Find a breeder to mentor you. Keep on going to the club and training. If you are on fb there are a couple good breeder pages, I'd go there and make some contacts as well. 
This board is not really a breeder board, mostly a pet place so I'm not sure how much help you'll get asking here.


----------



## lhczth (Apr 5, 2000)

There are quite a few breeders on this site, Jane. 

If your goal is to become a breeder than I would be looking for the best female you can possibly afford. A breeding program is built on the foundation of good females and not on males. Later on you might think about getting a male, but right now I would start with a female.

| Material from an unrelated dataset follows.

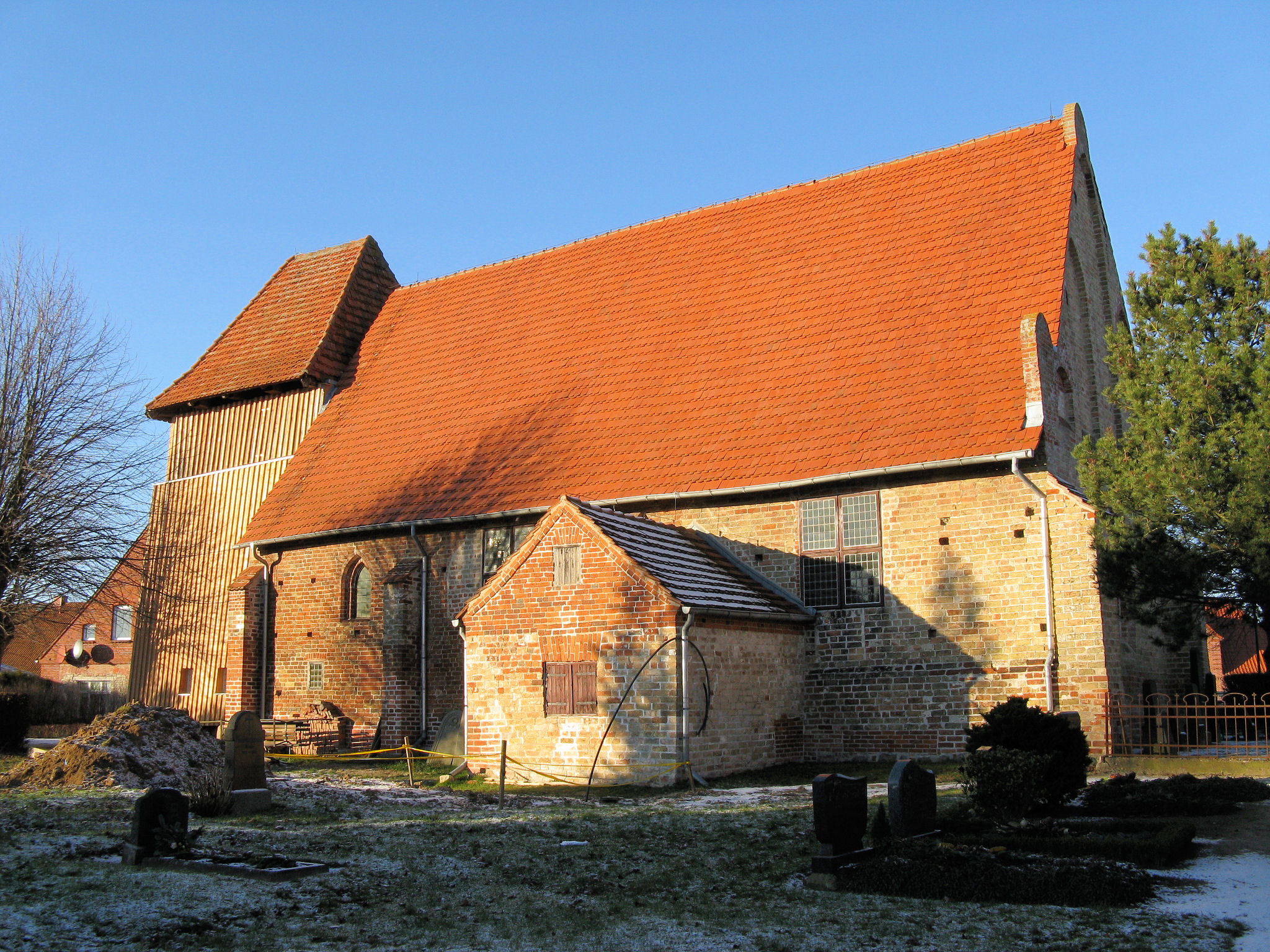 Church in Demern, Mecklenburg-Vorpommern, Germany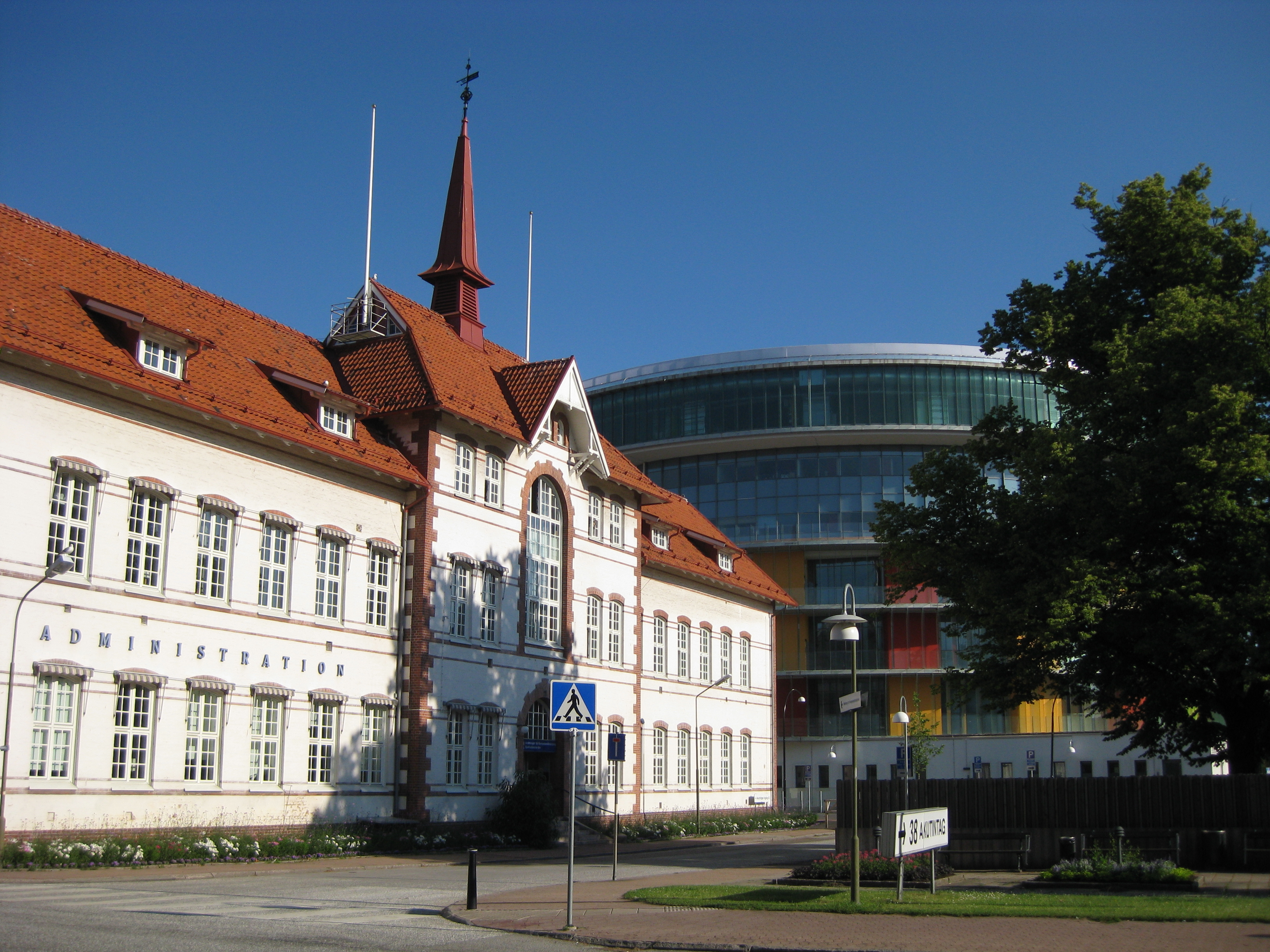 Administrative building and emergency center at the hostpital in Malmö, Sweden.

I started with puppies, but many others start with young dogs or older bred females that could give you one or two more litters. The most risky, IMO, are the first and last options (I know of too many people who have imported females that either won't conceive, can't carry a pregnancy or kill their puppies), though as I said, I started with puppies and took that chance. The young dog option is probably less risky since you can at least have prelims done and test the female. There is always the possibility that the female won't be breedable, though, when mature. There is also the reality that really good bitches are rarely for sale though if you have patience you can find them.


----------



## qbchottu (Jul 10, 2011)

lhczth said:


> If your goal is to become a breeder than I would be looking for the best female you can possibly afford. A breeding program is built on the foundation of good females and not on males. Later on you might think about getting a male, but right now I would start with a female.
> 
> There is also the reality that really good bitches are rarely for sale though if you have patience you can find them.


:thumbup:


----------



## betchells (Dec 5, 2013)

lhczth said:


> There are quite a few breeders on this site, Jane.
> 
> If your goal is to become a breeder than I would be looking for the best female you can possibly afford. A breeding program is built on the foundation of good females and not on males. Later on you might think about getting a male, but right now I would start with a female.
> 
> I started with puppies, but many others start with young dogs or older bred females that could give you one or two more litters. The most risky, IMO, are the first and last options (I know of too many people who have imported females that either won't conceive, can't carry a pregnancy or kill their puppies), though as I said, I started with puppies and took that chance. The young dog option is probably less risky since you can at least have prelims done and test the female. There is always the possibility that the female won't be breedable, though, when mature. There is also the reality that really good bitches are rarely for sale though if you have patience you can find them.


Thank you so much on your advice! This has really helped. I would probably start with a puppy or young dog. I agree, seems a bit risky to have one imported, however, I am still looking, so I'll keep options open. Would prefer to purchase one in the U.S. though. Anyone you recommend to contact about their pups?

Sent from Petguide.com Free App


----------



## David Winners (Apr 30, 2012)

What dogs have you been around that represent what you wish to breed? What lines / kennels are they from? 

David Winners


----------



## betchells (Dec 5, 2013)

I have a New Foundland and two 4 year old German Shepherds out of VA-Woody Vom Fiemereck, SchH 3, KKl 1 from Durfee German Shepherds of Arizona. They are all 3 my babies and the best dogs. I plan on breeding the GSD and have the past 4 years experience in training and protection for my family (they know how to turn it right on and right off in a snap of the finger). However, I do not plan in breeding my Shepherds I have now. 

Sent from Petguide.com Free App


----------



## David Winners (Apr 30, 2012)

betchells said:


> I have a New Foundland and two 4 year old German Shepherds out of VA-Woody Vom Fiemereck, SchH 3, KKl 1 from Durfee German Shepherds of Arizona. They are all 3 my babies and the best dogs. I plan on breeding the GSD and have the past 4 years experience in training and protection for my family (they know how to turn it right on and right off in a snap of the finger). However, I do not plan in breeding my Shepherds I have now.
> 
> Sent from Petguide.com Free App


You really didn't answer the question at all.

David Winners


----------